Credit profile, score, assessment: If you are thinking about a home construction loan, these are important terms that you should inform yourself about.
What is a credit score?
All credit active persons have a profile. This is a summary of your history with each lender you have ever dealt with and serves as a record of how well you have managed your accounts e.g. B. Loan repayments, past due debt, how often you have asked for credit and what type of loan or credit you have applied for and the frequency of your applications.
How it works?
Credit report providers summarize your profile in what is called a credit score. The score ranges from 0 to 1200, with the higher the number, the more likely it is that you can repay a loan. Lenders look at your credit profile and score to learn more about your credit history and behavior, and to assess your ability to take out new credit. This information reassures lenders that you are good at paying back money to those you borrowed from – i.e. you are a “low risk” customer.
A good score not only increases the likelihood that your loan application will be approved, but also means you qualify for a better interest rate.
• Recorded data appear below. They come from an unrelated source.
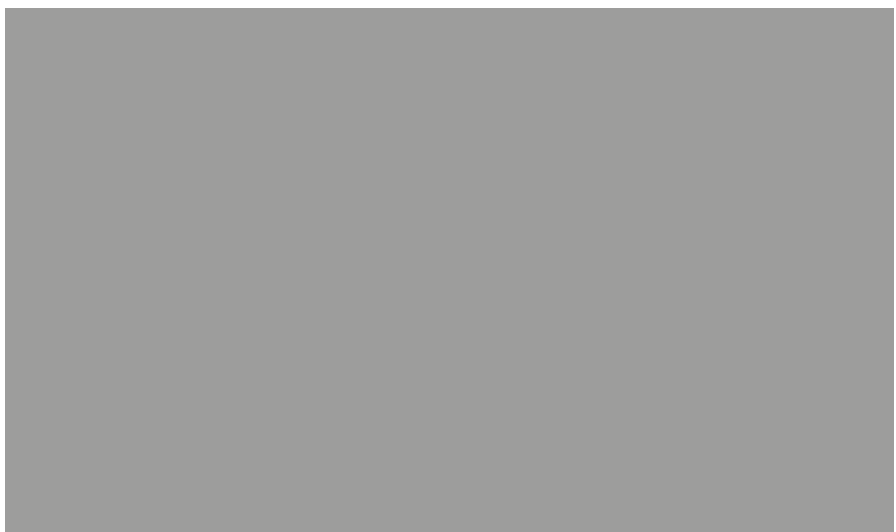
Il. 8. Pomnik ofiar eutanazji w Berlinie-Buch w zespole Campus C.W. Hufeland (proj. Patricia Pisani).

Ill. 7. Opening of the installation commemorating children victims of Wiesloch designed by Elke Weickelt-Starzinski in 2015.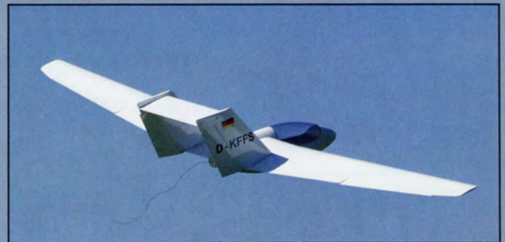
Elle n'est plus toute jeune, et pourtant, la ligne est quasi futuriste !

Quand tout sera sec, il faudra remplacer les couples D et H en balsa par des homologues en ctp et coller quelques renforts de tissu de verre à l'intérieur du fuselage notamment à l'emplacement du couple moteur et de la traverse de fixation de l'aile, pour donner de l'aisance à cet endroit, il sera pos-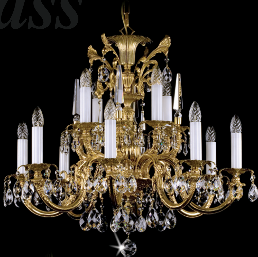
ARABELA 780x670 mm 12x40 W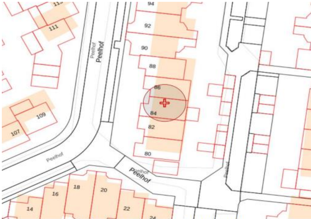
BIJLAGE BIJ VKB 24027 GPP Peelhof 84, 5709BN Helmond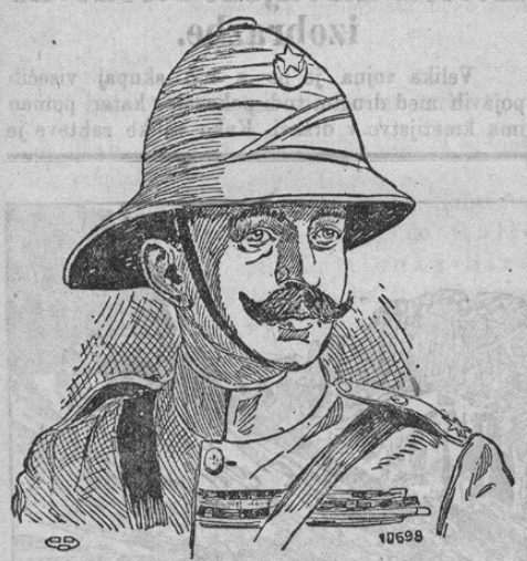
Freiherr v. Slatin-Pascha

Prinašamo sliko znanega afričanskega potnika in učenjaka plem. Slatin-paša, ki se je zdaj v navdušenju za domovino in ogorčenju nad laškimi izdajalstvom oglasil prostovoljno k vojaški službi zoper Italijo. Slatin-paša bil je l. 1857 pri Dunaju rojen; prišel je kot trgovec v Egipt, spremlil l. 1875 Henglina v Chartum in napravil samostojno znanstveno potovanje v takrat še neznan Džebel Nabur. Potem je ugodil na Avstrijskem svoji vojaški dolžnosti, se udeležil vojne v Bosni, šel potem zopet v Egipt in postal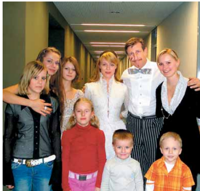
Po divadelním představení Limonádový Joe měli někteří z výletníků to štěstí vyfotit se v záku- lís s hercem Václavem Vydrou, který ztvárnil Horáce Hogo Fogo.

Ještě jsem matičku Prahu na vlastní oči nespatriil, proto jsem cestou v autobuse ve sladkém spánku o ní snil. Kuřecí řízek na oběd dodal mi nových sil, metro, lanovka a pohled z Petřína nás všechny okouzliil. V zrcadlovém labyrintu smích všude jen zněl, křivé nohy, velká hlava, to vám byla fakt zábava. Hradčany, Malá Strana, Karlův most sáhnout si na ocas pro radost. Orloj, Cesta králů, Václavák, u koně však řekly naše nohy stát. Metro, sprcha, kuře s rýží toť naše záchrana, též posezení s kamarády, spousta vtipů a vzpomínání na Krétu a Barboradování. Dopoledne super kino, ještě teď' dinosaury vidím, odpoledne v muzikálu na živém bílém koni Limonádový Joe zlé padouchy honí. A jak zní to pořekadlo? Nakonec vše dobře dopadlo. Všichni jsme se ve zdraví vrátili a my děti z Barborky se super bavily.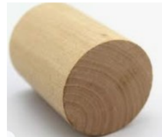
cylindre en bois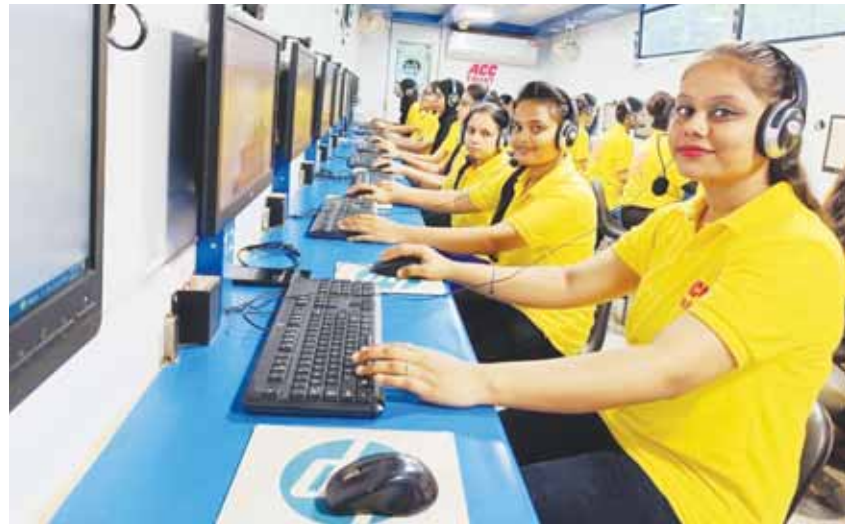
अमेहटा प्लांट के आस-पास ग्रामीण क्षेत्रों में रहने वाली शिक्षित महिलाओं को उनके घर पर ही कोई ऐसा रोजगार दिया जाये जिससे वे आत्मनिर्भर बनकर अपने परिवार का भरण पोषण कर सकें। इस मंशा को पूरी करने के उद्देश्य से पिछले साल महिलाओं पर केंद्रित रूरल बीपीओ पायलट प्रोजेक्ट शुरू किया गया था। पायलट प्रोजेक्ट को सफल बनाने इंडिविजुअल फाउंडेशन से भी सझेदारी की गई।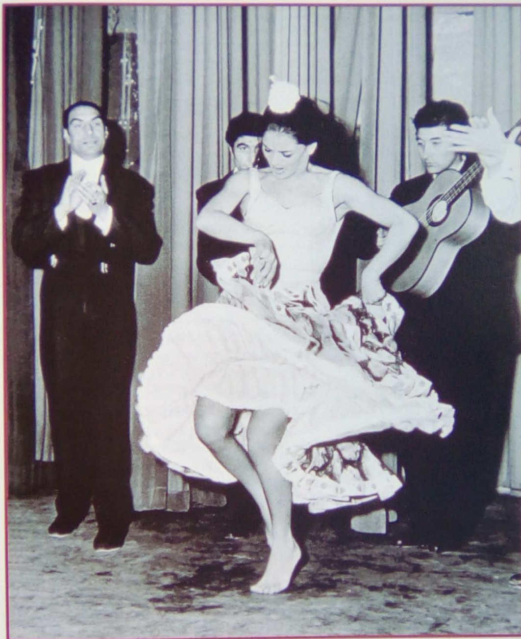
Micaela Flores Amaya «La Chunga» amb el seu cuadro flamenco als anys seixanta, on destaca el guitarrista català Pepe Pubill. El seu ball, que es caracteritza per la passió i la particularitat de ballar descalça, l'ha portat a ser una de les artistes flamenques més internacionals, i va arribar a ballar el 14 de gener de 1965 al Palau de la UNESCO a la seu de París.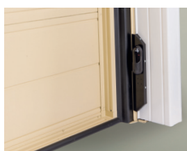
Coppia di fotocellule interne precablate e premontate sulla porta basculante. (optional)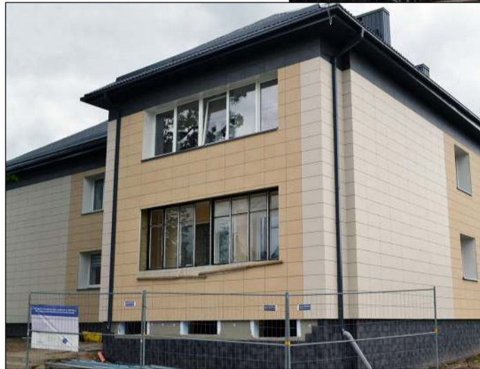
Šiemet renovacijos procese ketina dalyvauti aštuonių daugiabučių namų gyventojai

namus gyventojų prašymų padaugėjo. „Paraiškas dėl renovacijos reikėjo pateikti iki gruodžio 31 dienos, o buvo prašymų, gautų iki šio termino pabaigos likus ir dviem, ir trimis savaitėmis. Per tokį trumpą laiką parengti investicinį daugiabučio namo renovacijos projektą, surengti mažiausiai tris gyventojų susirinkimus laiko per mažai. Kiek suspėjome, tiek paraiškų ir pateikėme. Šiemet renovacijos procese ketina dalyvauti aštuonių daugiabučių namų gyventojai. Pateikėme vertinimui Inturkės g. 35 ir 37, J. Janonio 8, 18, 20, 30, Vilniaus g. 52 numeriais pažymėtų daugiabučių namų Molėtuose ir Šilo g. 3, Giedraičiuose paraiškas, - kalbėjo UAB „Molėtų švara“ projektų vadovas, pridūręs, kad iš viso prašymai buvo gauti net iš 14 – os daugiabučių namų gyventojų. Vieniems prašymams buvo li-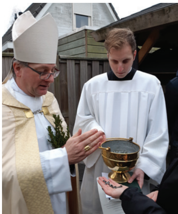
Bisschop zegent rozenkrans

Nadien komen mensen met rozenkransen en kruisjes om door de bisschop te laten zegenen.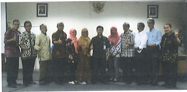
Foto bersama tim penilai inpassing JFPTL batch.2 dengan Kepala Pusbindiklat BPPT di Ruang Kelas Lt.6 Pusbindiklat Gd.2 BPPT. Jakarta, 15 Desember 2017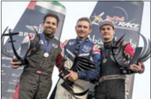
بونهوم على منصة التتويج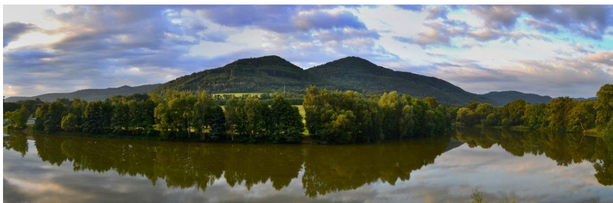
Obr. 5 Panoramatický záběr na okolí zámeckého parku v Klášterci nad Ohří

Klášterecký park není sice rozlohově příliš rozsáhlý, ale pro lepší orientaci byly vytyčeny tři naučné dendrologické okruhy západní, zámecký a Stibalův. Tyto okruhy mají návštěvníkům nejen poskytnout lepší orientaci v parku, ale hlavně si zde každý rozšíří své znalosti z oboru botaniky a dendrologie.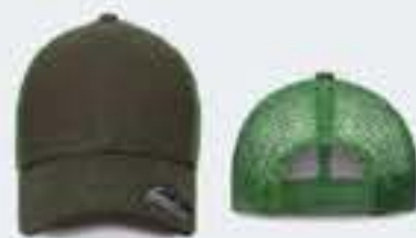
VERDE MILITAR/V.BANDERA 040. 24901-24902 / UNITALLA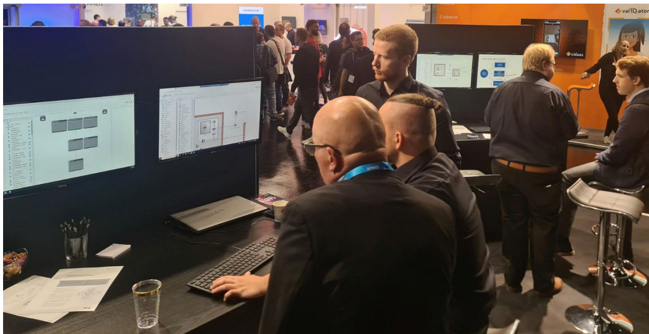
Stark frequentiert waren beide SECIRA®-Demostationen

An zwei Demostationen, die stets dicht umlagert waren, machte die ICS anhand komplexer Beispielinfrastrukturen klar, bis in welche Cybersecurity-Dimensionen man mit SECIRA® vordringen kann. Besonders eindrücklich demonstrierte die ICS die Qualitäten der Plattform an einem simplen Szenario – dem Kauf von Software unter Cybersecurity-Kriterien: „SECIRA® visualisiert anhand des Digitalen Zwillings und dem sich daraus ergebenden Angriffsbaum für jeden greifbar und auf Knopfdruck, welche Sicherheitslücken für die Kundeninfrastruktur die größten Risiken bergen und wie man diese mit gezielten Maßnahmen schließen kann“ , erläutert Patric Birr. „Dieses einfache Beispiel hat unsere Besucherinnen und Besucher geradezu euphorisiert.“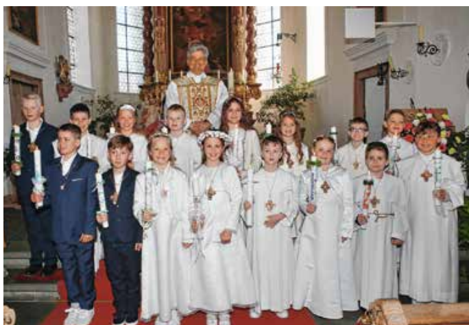
Erstkommunion in Eisenberg-Zell.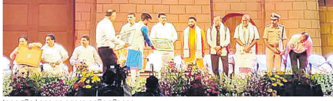
'ପରବ ଓଡ଼ିଶା' ଉଦ୍‌ଘାଟନ ଅବସରରେ ଉପସ୍ଥିତ ଅତିଥିବୃନ୍ଦ।

ଭୁବନେଶ୍ୱର, ୨।୯ (ବୁଧବାର) ସୁରତ ଓ ଗୁଜରାଟ ବିକାଶରେ ଓଡ଼ିଆ ଲୋକମାନଙ୍କର ଗୁରୁତ୍ୱପୂର୍ଣ୍ଣ ଭୂମିକା ରହିଛି। ସୁରତଠାରେ ବୁଲିଦିନିଆ ଓଡ଼ିଆ ପର୍ବ ଉଦ୍‌ଘାଟନ ଅବସରରେ ଗୁଜରାଟ ମୁଖ୍ୟମନ୍ତ୍ରୀ ବିଜୟ ରୁପାମା ଏହା କହିଛନ୍ତି। ଏହି ଅବସରରେ କେନ୍ଦ୍ରମନ୍ତ୍ରୀ ଧର୍ମେନ୍ଦ୍ର ପ୍ରଧାନ କହିଛନ୍ତି ଯେ, ଓଡ଼ିଆ ଓ ଗୁଜରାଟବାସୀଙ୍କ ମଧ୍ୟରେ ସାମାଜିକ, ସାଂସ୍କୃତିକ ଓ ରାଜନୈତିକ ସମ୍ପର୍କ ଅତି ନିବିଡ଼। ଓଡ଼ିଶାର କୋଶାଳରେ ପୂର୍ଯ୍ୟଙ୍କ ପ୍ରଥମ କିଶ ପଢୁଥିବାବେଳେ ଗୁଜରାଟର ମୋଧେରାରେ ଶେଷ କିଶ ପଢିଥାଏ। ଗୁଜରାଟର ଅର୍ଥନୀତି ପରିବର୍ତ୍ତନରେ ଓଡ଼ିଆଙ୍କ ପ୍ରମୁଖ ଭୂମିକା ରହିଛି। ଗୁଜରାଟ ଓ ଓଡ଼ିଶାର ଭାବନା ସମ୍ପର୍କରେ ଏହି ଓଡ଼ିଆ ପରବ ଏକ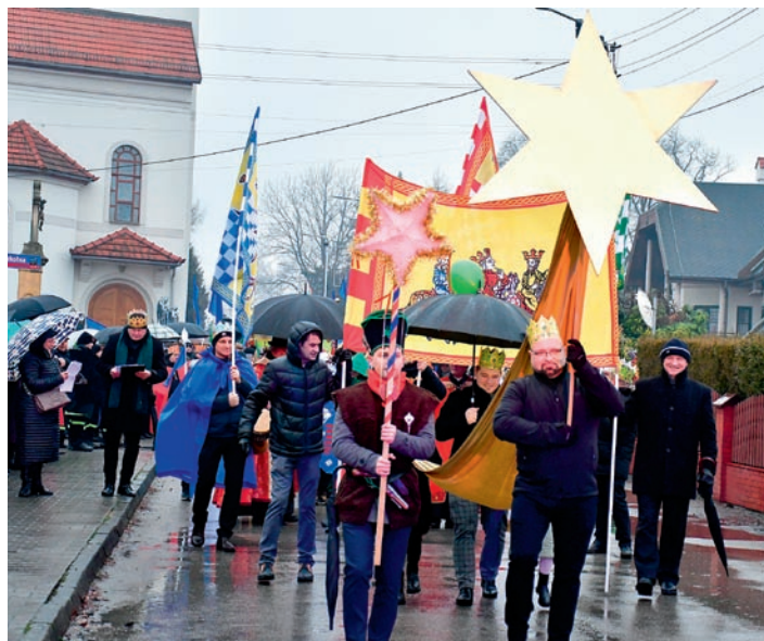
Trzy orszaki połączyły się przy kościele pw. św. Urbana w Woli i wyruszyły we wspólną drogę ku stajance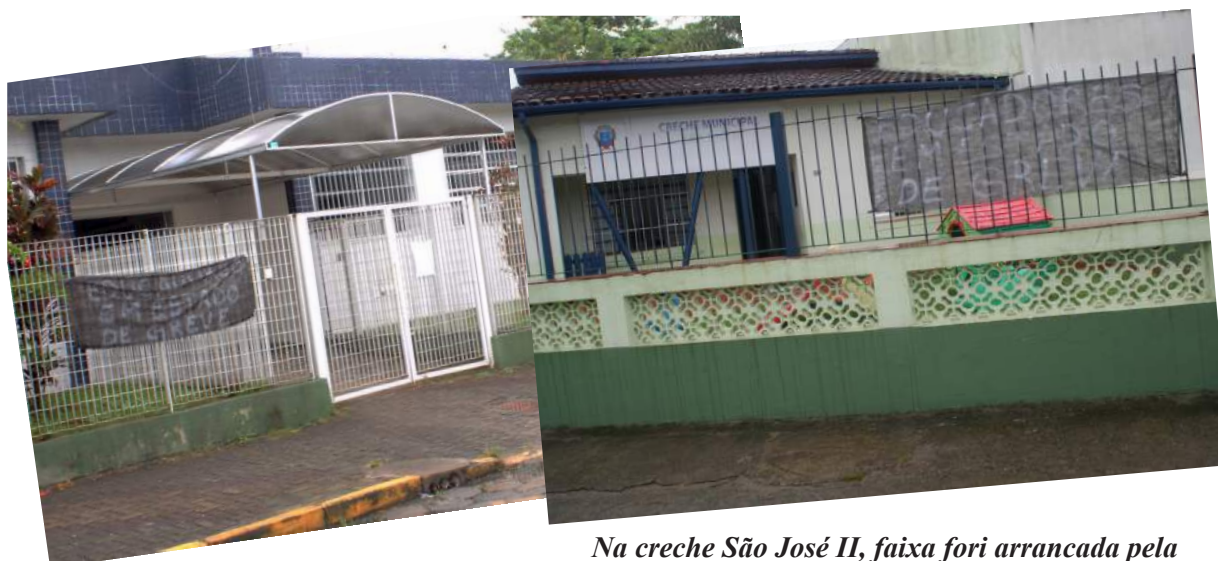
Em protesto, categoria realizou paralisação podendo deflagrar a greve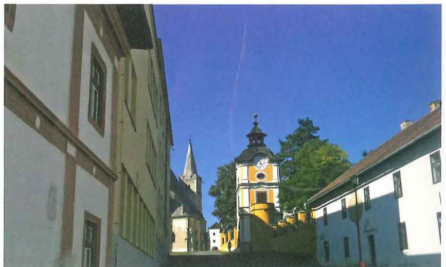
Kapitula Spišská in der Slowakei, das jüngste EBZ

Wir befinden uns im Zipser Kapitel, wie Spišská Kapitula auf Deutsch heißt; mit Blick auf die großartige Zipser Burg aus Travertin, dahinter das kleinste Hochgebirge Europas, die Hohe Tatra – nicht weit entfernt die Bezirkshauptstadt Košice – und alles eingebettet in eine noch wenig bekannte Kulturlandschaft mit einem ganzen Ring gotischer Kirchen. Die inhaltliche Europaarbeit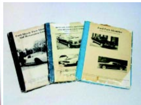
foto 2 en 3 De High Performance Ford Engine Parts Interchange van CarTech met 500 verschillende nummers voor '64 1/2-'73 Mustang verdelers. De Ford Parts Identifier boeken nog steeds nieuw verkrijgbaar op www.blueovalnews.com .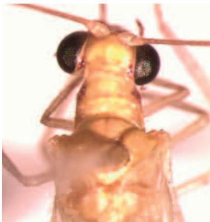
Figura 1. Chrysoperla externa . Cabeza y tórax, vista dorsal.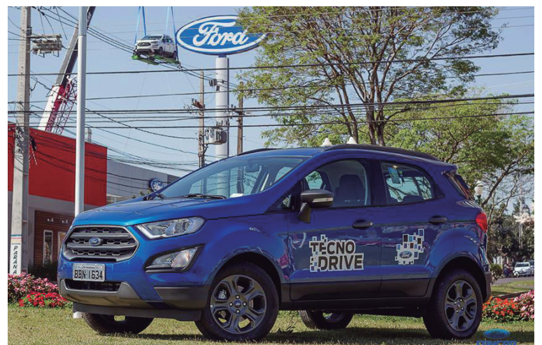
Na FANCAR, o novo EcoSport foi a estrela do lançamento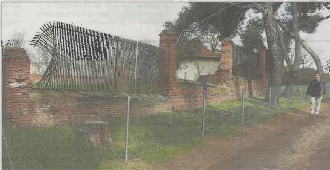
Desperfectos en las verjas de la Quinta de Torre Arias.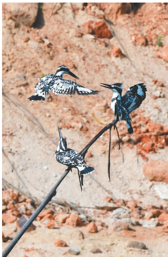
三只斑鱼狗在树枝上嬉耍。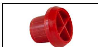
Top prop til spindel 1400211NY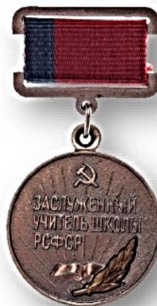
Нагрудной знак «Заслуженный учитель РСФСР»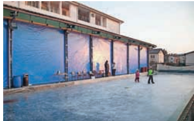
Ledena ploskev prekriva zunanji stezi balinarskega igrišča.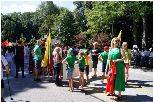
20 pav. Į „One World Day“ šventėje vykusių eiseną buvo įtraukta ir tyrėja. Autorės nuotrauka, 2022 m.

[...] Šokėjai, pasiruošę savo pasirodymui, užima vietas. Pasigirsta muzikinis įrašas. Išgirdę ausiai ir širdžiai artimus garsus, susirenka gausėnis būrelis lietuvių, stabteli pro šalį einantys smalsūs kitataučiai. Vos keli jaunosios lietuvių kartos atliekami šokiai tarsį trumpam nukelia į Lietuvą. Greta stovinti, prieš keletą dienų sutikta nauja pažįstama trečiabangė lietuvė braukia ašarą. Jaučiu, kaip ir man gerklėje stringa ašarų gumulas. [...] Šokėjų pasirodymas baigiasi. „Savų“ ir „svetimų“ žiūrovų minia išsisklaido, „Lietuvių darželiai“ vėl lieka apytuščiai. Dar kiek pastoviniavusi suprantu, kad šiame migrantams Lietuvą primenančiame žemės lopinėlyje kultūrinė programa baigėsi. [...] Atsisveikinu su tyrimo Klivlande metu sutikta nauja pažįstama trečiabange. Nors matomės tik antrą kartą ir greičiausiai niekada nebesusitiksimė, atsisveikindamos apsikabiname lyg geros draugės. Šluostydamosi ašaras ji prašo parvežti linkėjimus LIETUVAI.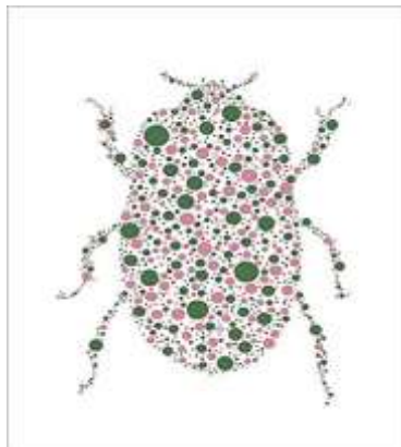
Slika 16 Takehito Koganezawa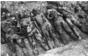
Majdanek (KL Lublin) – ausgegrabene Leichen von Häftlingen; August 1944

The other side of the coin, of course, is that if you get a bad score, you’re less likely to qualify for new loans. This protects the lender and those with low scores from borrowing more and becoming overextended and incurring more debt. In short, you must have good credit for your home loan application to be approved.
It is therefore a good idea to first research your creditworthiness before applying for a loan and take the time to improve it before approaching a lender.
How to check your score?
A great place to start your research is ASIC’s MoneySmart website. You can get a free credit check from a number of online providers listed on the MoneySmart site.
How can you improve your score?
Improving your credit starts with looking at your current financial situation and ways to improve it. Putting yourself in a good credit position before applying for a loan can help increase the likelihood of approval.
You can improve your score by:
Lower your credit card limits
Consolidation of multiple personal loans and/or credit cards
Limit Your Credit Requests
Pay rent and bills on time
pay your mortgage and other loans on time
Pay off your credit card in full every month
To avoid surprises, be prepared and know your credit score.